» Aim of the exercise
Using the listing below, print the line containing "for (int i = 0;", the line containing "Fraud Blocker 30", and each line between them, exactly and nothing else. Pictures stay out of the print.

» Exercise materials
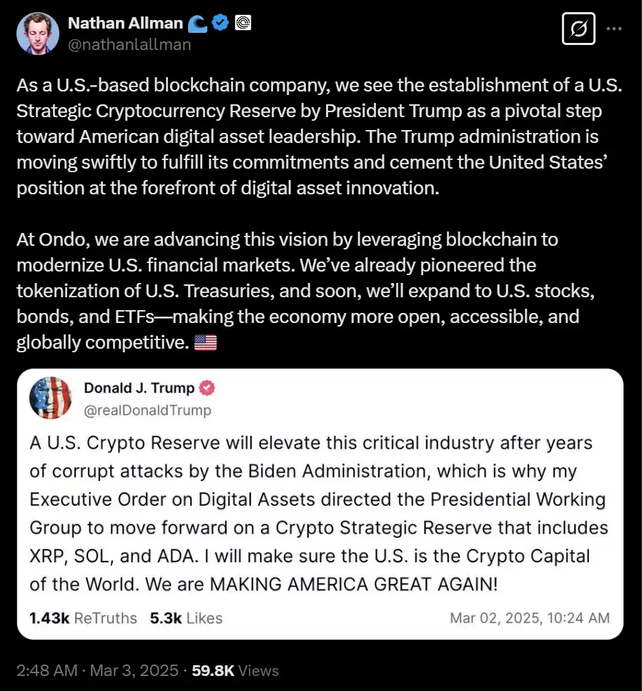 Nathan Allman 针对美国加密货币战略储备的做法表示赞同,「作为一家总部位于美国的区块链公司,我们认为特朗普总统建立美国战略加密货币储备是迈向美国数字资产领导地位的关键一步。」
--
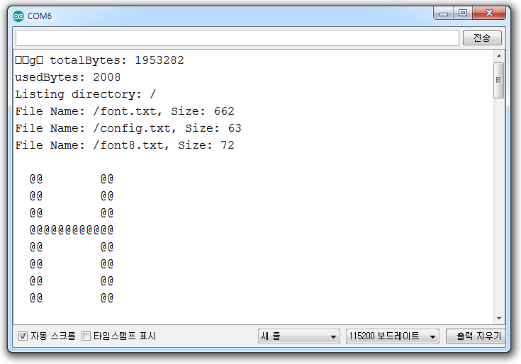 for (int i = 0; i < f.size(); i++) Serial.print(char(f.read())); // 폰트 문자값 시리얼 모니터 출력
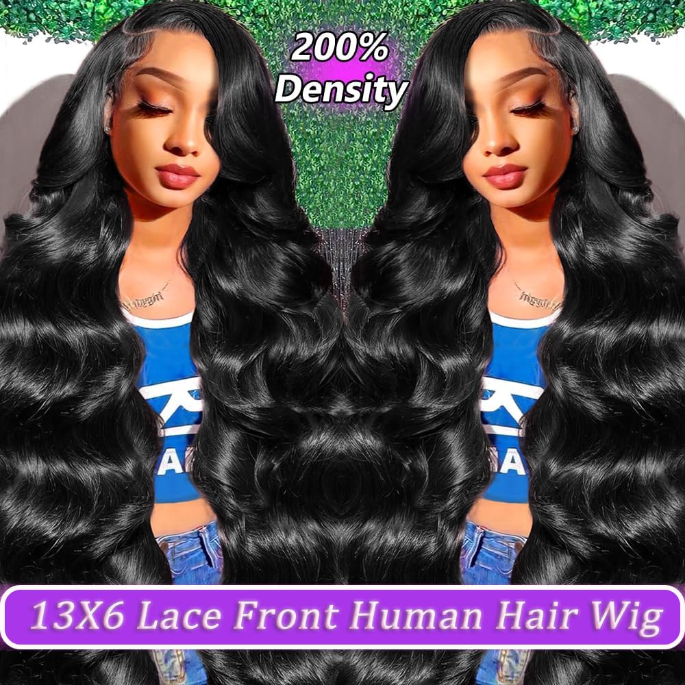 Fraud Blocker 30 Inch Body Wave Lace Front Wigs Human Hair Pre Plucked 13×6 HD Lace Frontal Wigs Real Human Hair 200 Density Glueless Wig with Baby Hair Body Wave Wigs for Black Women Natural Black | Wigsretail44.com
---
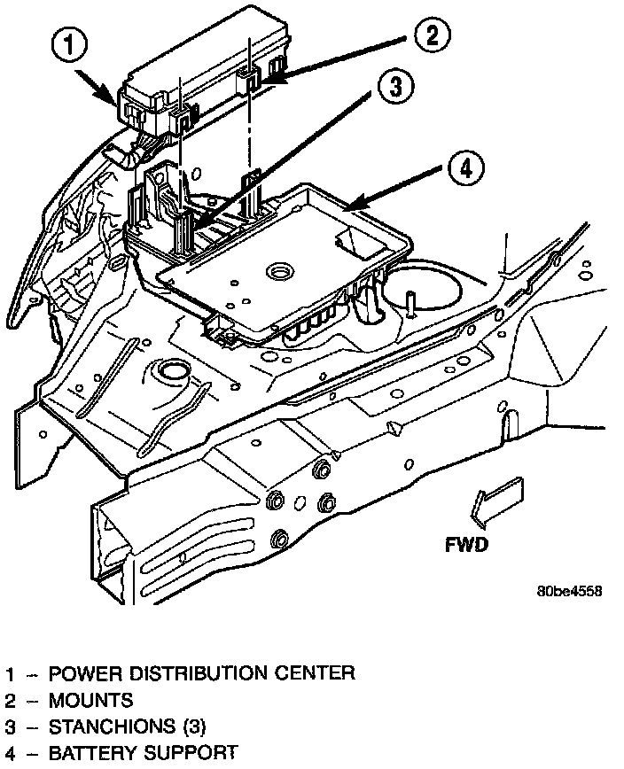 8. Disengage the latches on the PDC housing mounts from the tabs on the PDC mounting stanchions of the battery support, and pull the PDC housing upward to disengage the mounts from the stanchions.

» Solution to the problem
 for (int i = 0; i < f.size(); i++) Serial.print(char(f.read())); // 폰트 문자값 시리얼 모니터 출력
 Fraud Blocker 30 Inch Body Wave Lace Front Wigs Human Hair Pre Plucked 13×6 HD Lace Frontal Wigs Real Human Hair 200 Density Glueless Wig with Baby Hair Body Wave Wigs for Black Women Natural Black | Wigsretail44.com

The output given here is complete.